Directions
Please copy exactly the lines that run from the start of the entries to the line containing "Кухонная зона оснащена", inclusive.

══════════

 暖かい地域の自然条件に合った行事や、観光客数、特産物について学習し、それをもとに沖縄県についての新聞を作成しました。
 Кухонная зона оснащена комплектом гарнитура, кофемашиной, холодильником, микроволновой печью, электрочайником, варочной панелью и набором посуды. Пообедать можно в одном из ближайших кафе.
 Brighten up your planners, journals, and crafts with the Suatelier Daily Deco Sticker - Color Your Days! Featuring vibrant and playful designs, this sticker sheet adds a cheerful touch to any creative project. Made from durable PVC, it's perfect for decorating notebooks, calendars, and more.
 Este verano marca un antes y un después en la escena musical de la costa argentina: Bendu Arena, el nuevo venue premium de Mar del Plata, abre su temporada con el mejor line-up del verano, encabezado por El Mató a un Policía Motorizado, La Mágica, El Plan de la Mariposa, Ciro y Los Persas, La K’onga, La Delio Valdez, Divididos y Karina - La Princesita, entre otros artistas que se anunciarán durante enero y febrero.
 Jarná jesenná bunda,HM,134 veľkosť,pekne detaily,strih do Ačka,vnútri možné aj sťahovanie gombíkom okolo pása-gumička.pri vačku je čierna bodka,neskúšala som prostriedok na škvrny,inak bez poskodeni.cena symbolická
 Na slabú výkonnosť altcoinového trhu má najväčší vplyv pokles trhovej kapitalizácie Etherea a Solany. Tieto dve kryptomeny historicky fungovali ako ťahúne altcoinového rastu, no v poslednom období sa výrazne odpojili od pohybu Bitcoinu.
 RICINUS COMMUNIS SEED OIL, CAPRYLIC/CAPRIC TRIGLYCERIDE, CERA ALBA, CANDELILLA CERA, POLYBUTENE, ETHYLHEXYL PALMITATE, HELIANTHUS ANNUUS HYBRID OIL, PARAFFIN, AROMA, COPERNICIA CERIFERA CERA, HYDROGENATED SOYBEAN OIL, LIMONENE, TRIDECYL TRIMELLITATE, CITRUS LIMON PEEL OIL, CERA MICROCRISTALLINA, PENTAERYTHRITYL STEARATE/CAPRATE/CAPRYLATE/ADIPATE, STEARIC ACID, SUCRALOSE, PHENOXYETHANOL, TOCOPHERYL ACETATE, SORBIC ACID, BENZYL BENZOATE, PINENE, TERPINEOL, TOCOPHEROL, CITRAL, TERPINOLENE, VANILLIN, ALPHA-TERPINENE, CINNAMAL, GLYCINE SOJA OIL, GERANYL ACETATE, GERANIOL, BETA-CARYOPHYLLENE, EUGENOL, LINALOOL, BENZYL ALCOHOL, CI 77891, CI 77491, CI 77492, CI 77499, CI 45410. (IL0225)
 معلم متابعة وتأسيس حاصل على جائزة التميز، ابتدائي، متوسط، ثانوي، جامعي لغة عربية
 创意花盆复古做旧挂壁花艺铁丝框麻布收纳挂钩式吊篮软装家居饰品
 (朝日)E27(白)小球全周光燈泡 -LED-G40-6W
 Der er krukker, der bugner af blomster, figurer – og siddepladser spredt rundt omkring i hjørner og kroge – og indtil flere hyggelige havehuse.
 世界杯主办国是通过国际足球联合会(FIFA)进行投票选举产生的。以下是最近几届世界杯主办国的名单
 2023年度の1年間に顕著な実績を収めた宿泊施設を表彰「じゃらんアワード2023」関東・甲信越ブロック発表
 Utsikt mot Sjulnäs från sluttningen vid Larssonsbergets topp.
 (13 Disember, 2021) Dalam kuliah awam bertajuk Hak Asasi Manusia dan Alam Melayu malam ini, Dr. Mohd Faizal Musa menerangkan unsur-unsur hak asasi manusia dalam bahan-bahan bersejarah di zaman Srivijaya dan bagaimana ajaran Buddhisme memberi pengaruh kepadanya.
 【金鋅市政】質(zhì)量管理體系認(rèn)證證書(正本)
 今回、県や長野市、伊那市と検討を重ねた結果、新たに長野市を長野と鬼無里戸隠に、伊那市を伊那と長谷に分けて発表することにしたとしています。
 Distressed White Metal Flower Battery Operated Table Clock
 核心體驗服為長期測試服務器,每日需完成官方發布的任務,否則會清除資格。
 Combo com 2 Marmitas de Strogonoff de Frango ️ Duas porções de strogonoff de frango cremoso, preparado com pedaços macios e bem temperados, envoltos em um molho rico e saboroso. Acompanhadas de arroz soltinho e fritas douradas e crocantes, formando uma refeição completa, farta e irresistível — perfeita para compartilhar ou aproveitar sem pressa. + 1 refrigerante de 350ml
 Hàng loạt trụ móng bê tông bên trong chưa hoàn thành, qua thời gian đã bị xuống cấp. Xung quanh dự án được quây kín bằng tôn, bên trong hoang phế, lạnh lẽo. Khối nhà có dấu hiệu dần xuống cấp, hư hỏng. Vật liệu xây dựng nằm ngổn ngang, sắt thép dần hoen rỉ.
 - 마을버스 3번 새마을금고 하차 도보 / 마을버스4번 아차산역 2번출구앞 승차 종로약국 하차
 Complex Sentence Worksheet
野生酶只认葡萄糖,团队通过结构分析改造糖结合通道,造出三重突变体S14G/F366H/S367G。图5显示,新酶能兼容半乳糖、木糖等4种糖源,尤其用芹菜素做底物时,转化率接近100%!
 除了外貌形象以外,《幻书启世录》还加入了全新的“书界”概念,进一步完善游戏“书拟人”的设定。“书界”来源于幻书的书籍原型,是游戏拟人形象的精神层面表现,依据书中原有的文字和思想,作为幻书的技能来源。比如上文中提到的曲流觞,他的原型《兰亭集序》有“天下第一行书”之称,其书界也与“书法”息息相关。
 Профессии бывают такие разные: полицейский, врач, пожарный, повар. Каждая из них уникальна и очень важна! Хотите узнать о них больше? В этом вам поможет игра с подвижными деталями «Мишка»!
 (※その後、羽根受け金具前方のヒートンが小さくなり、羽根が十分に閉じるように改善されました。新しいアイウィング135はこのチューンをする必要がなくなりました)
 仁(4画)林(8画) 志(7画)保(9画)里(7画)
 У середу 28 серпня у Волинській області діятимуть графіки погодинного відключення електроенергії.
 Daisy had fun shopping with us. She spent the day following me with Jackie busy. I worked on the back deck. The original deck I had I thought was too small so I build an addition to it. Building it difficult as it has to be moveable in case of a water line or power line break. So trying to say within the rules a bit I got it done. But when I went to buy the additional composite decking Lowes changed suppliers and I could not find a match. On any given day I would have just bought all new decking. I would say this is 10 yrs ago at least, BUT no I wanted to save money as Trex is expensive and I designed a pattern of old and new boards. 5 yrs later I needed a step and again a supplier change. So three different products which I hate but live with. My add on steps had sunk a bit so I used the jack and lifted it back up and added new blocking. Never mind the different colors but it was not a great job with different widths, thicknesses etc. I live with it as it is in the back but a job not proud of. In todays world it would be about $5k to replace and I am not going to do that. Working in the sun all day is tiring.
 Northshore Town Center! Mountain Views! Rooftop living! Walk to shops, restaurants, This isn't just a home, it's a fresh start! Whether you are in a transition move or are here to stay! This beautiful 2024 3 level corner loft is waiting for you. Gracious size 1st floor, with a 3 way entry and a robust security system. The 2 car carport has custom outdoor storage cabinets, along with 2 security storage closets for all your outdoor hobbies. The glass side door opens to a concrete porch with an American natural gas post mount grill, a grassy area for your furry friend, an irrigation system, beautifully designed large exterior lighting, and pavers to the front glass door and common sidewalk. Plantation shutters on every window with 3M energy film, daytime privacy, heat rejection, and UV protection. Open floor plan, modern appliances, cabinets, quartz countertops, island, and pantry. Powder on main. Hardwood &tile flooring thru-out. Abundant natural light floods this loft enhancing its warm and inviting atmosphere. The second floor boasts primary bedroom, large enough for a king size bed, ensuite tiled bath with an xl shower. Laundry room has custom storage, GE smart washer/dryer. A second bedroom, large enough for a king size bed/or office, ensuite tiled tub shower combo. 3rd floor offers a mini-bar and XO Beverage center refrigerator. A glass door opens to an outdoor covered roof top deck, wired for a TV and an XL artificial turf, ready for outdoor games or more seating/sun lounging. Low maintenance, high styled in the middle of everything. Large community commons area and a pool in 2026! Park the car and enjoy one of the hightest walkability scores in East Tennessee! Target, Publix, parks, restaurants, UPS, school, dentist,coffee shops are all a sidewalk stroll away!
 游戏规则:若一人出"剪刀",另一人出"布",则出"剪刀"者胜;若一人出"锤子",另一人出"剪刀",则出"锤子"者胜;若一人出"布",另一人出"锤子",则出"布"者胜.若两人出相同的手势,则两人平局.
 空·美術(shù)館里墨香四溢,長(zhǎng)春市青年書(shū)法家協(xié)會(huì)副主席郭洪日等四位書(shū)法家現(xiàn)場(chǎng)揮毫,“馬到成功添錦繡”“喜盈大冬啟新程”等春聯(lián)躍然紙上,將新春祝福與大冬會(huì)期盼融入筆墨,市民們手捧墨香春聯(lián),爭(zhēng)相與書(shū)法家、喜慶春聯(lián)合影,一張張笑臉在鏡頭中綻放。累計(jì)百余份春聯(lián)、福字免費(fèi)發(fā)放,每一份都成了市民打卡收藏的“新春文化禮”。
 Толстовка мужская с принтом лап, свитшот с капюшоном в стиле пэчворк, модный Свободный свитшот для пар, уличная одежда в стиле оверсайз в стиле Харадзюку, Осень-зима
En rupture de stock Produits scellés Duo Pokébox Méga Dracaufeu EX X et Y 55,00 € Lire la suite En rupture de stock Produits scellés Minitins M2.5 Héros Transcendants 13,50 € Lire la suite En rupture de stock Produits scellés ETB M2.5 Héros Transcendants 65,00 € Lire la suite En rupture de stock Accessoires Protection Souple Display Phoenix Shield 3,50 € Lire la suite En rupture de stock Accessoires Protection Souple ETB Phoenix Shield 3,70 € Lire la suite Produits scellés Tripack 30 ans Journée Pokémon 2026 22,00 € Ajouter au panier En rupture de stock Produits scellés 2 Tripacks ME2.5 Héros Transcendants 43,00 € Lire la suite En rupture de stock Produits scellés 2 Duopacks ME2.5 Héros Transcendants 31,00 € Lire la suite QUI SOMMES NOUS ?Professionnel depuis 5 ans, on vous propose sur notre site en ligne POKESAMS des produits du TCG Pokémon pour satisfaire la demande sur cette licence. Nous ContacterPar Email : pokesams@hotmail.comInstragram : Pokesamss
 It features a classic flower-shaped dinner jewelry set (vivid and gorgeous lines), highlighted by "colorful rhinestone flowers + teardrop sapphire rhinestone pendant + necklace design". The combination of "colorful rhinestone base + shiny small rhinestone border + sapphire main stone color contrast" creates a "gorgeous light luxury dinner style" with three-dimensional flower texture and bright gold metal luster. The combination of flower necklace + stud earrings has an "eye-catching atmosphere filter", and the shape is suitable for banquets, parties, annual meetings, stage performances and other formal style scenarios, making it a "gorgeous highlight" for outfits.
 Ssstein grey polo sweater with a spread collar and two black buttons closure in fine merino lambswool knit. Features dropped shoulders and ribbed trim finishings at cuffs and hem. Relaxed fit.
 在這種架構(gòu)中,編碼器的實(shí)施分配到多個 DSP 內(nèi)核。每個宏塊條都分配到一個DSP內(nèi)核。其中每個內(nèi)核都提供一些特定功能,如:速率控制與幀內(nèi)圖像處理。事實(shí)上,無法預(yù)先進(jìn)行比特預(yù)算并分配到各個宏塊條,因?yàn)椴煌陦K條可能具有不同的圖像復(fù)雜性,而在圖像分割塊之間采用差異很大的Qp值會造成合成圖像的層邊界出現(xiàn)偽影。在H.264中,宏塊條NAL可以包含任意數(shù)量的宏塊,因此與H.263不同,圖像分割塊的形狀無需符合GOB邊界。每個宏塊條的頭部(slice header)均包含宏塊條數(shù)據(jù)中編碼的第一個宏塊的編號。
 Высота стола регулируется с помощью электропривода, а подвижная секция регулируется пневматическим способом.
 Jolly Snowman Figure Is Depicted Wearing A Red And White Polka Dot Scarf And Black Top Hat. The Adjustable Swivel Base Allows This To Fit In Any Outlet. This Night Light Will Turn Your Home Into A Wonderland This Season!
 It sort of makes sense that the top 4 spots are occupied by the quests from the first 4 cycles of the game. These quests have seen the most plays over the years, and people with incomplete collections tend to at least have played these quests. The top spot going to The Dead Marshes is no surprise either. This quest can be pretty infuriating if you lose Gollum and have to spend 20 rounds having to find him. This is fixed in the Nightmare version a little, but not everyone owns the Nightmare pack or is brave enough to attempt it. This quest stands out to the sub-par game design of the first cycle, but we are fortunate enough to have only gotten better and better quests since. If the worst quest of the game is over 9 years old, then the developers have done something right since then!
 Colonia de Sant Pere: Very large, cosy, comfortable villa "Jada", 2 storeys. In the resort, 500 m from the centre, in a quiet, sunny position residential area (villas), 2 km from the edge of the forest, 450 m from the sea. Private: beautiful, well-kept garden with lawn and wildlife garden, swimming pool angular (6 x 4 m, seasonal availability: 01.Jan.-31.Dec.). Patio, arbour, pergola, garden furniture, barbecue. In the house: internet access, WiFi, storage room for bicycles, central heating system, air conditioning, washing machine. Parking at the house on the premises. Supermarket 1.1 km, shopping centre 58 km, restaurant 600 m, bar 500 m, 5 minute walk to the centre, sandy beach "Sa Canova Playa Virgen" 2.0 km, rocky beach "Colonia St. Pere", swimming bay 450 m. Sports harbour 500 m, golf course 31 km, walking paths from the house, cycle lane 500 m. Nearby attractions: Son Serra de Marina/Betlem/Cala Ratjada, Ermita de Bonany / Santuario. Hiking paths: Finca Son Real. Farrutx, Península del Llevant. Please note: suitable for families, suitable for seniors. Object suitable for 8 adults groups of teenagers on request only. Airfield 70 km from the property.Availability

══════════

Reply to the exercise
 暖かい地域の自然条件に合った行事や、観光客数、特産物について学習し、それをもとに沖縄県についての新聞を作成しました。
 Кухонная зона оснащена комплектом гарнитура, кофемашиной, холодильником, микроволновой печью, электрочайником, варочной панелью и набором посуды. Пообедать можно в одном из ближайших кафе.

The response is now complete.